The embodiments of the present disclosure have been described with reference to the drawings. It should be noted that the present disclosure is not limited to the embodiments described above and it can be implemented in various modes without departing from the gist of the disclosure. For the purpose of easy understanding, each subject component in the drawings may intentionally be illustrated in a schematic manner. For convenience of drawing, the number of each component illustrated in the drawings may be different from the actual number. Furthermore, each component disclosed in the embodiments is merely an example and should not in any way be construed as limitative. It can be modified into various modes without departing from the effects of the present disclosure.
The present disclosure can be utilized in the field of a voice processing apparatus.
It is to be understood that the embodiments herein are illustrative and not restrictive, since the scope of the disclosure is defined by the appended claims rather than by the description preceding them, and all changes that fall within metes and bounds of the claims, or equivalence of such metes and bounds thereof are therefore intended to be embraced by the claims.

Claims

1. A voice processing apparatus comprising:

a reception portion that receives sound signals;

a production portion that produces voice data corresponding to a voice of a speaker through extraction of information of a specific frequency band from the sound signals or through removal of information of a frequency band other than the frequency band of the specific frequency band from the sound signals; and

a transmission portion that transmits the voice data.

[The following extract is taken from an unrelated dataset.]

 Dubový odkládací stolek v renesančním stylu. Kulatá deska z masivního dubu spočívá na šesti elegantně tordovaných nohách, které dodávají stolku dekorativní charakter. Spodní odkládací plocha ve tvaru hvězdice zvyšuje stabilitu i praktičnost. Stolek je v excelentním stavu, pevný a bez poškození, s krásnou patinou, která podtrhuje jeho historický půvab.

2. The voice processing apparatus of claim 1, wherein the production portion includes a filter that extracts information of the specific frequency band from data of the sound signals or that removes information of frequency band other than the specific frequency band from the data of the sound signals, the filter of the production portion producing the voice data.

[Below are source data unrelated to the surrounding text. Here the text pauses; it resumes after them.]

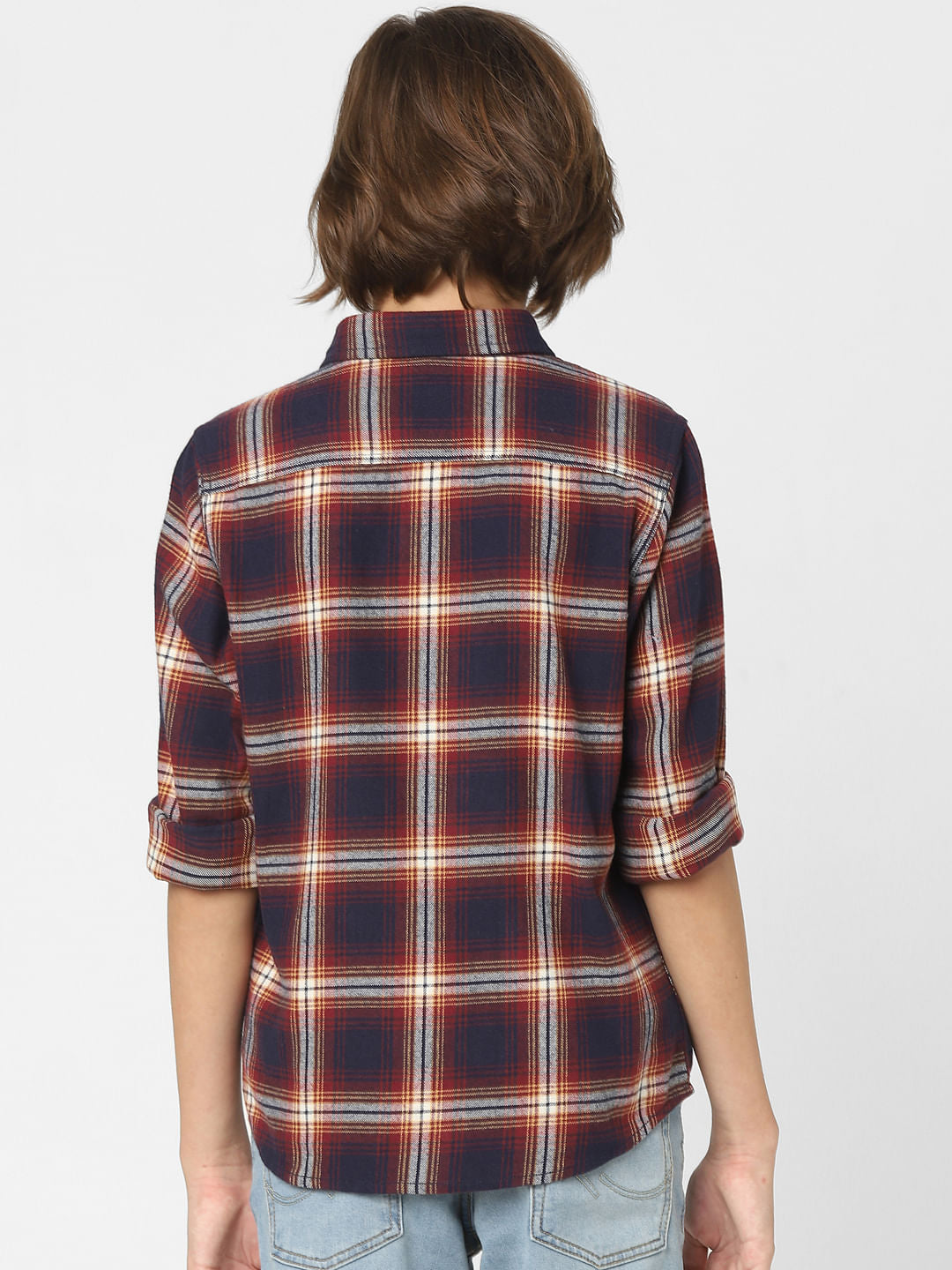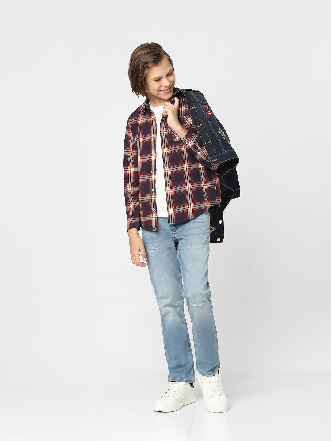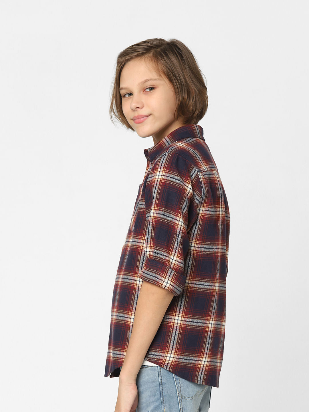 Super cool and smart check shirt for little boys. Crafted from soft cotton fabric, and designed with a graphic patch print on the back and full sleeves.
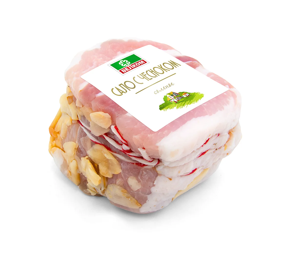 Сало Велком с чесноком — традиционное свиное сало с небольшой прослойкой мяса и ароматными приправами. Продукт обладает насыщенным ароматом и нежным, сбалансированным в отношении соли и специй вкусом. Прекрасно подойдет в качестве дополнения к различным первым или вторым блюдам ли их ингредиента. Подается нарезанным тонкими ломтиками, разложенными на тарелке с зеленью или картофелем.
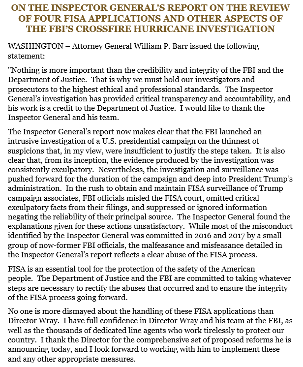 With release of DOJ IG's report, Attorney General Barr says FBI's Russia investigation "intrusive" and opened "on the thinnest of suspicions." DOJ IG concluded the FBI had sufficient information to open an investigation.pic.twitter.com/ecoWAv38pm
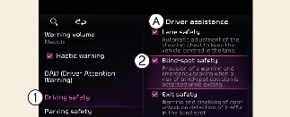 Při nastartovaném vozidle stiskněte Settings (Nastavení) → Driver Assistance (Jízdní asistent) → Driving Safety (Bezpečnost jízdy) na přístrojovém panelu nebo Settings (Nastavení) → Vehicle (Vozidlo) → Driver assistance (Jízdní asistent) → Blind-spot safety (Detekce mrtvého úhlu) na informačním a zábavním systému.
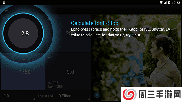 4、长按(按住)F-Stop(或ISO、Shutter、EV)值以计算该值,然后试用;
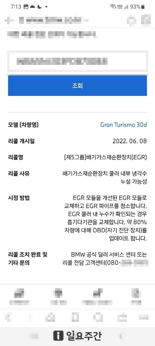 5일 <일요주간> 취재를 종합하면 BMW는 2018년 이후 지난해까지 해당 차종들에 대해 매년 EGR 교체 등의 무상수리를 진행하고 있으며 올해는 리콜 여부가 아직 미정인 것으로 확인됐다.

3. The voice processing apparatus of claim 2, wherein the frequency band other than the specific frequency band is 1,000 Hz to 2,000 Hz, and

wherein the filter produces the voice data through removal of the information of the frequency band other than the specific frequency band from the data of the sound signals.

4. The voice processing apparatus of claim 2,

wherein the specific frequency band is 125 Hz to 500 Hz, and

wherein the filter produces the voice data through extraction of the information of the specific frequency band from the data of the sound signals or through removal of the information of the frequency band other than the specific frequency band from the data of the sound signals.

5. The voice processing apparatus of claim 2,

wherein the specific frequency band is 125 Hz to 250 Hz, and

6. The voice processing apparatus of claim 2,

wherein the specific frequency band is 250 Hz to 500 Hz, and

wherein the filter produces the voice data through extraction of the information of the specific frequency band from the data of the sound signals.

7. The voice processing apparatus of claim 1, the apparatus further comprising:

a voice learning portion that performs voice learning processing based on signals of a plurality of training voices of target speakers to output learned voice information corresponding to the target speakers, the training voices being received by the reception portion;

a storage portion that correlates identification information of the target speakers with the learned voice information for storage; and

a collation portion that collates the sound signals received by the reception portion with the learned voice information to show a collation result,

wherein the production portion produces the voice data through extraction of the information of the specific frequency band from the sound signals based on the collation information or through removal of the information of the frequency band other than the specific frequency band from the sound signals based on the collation information.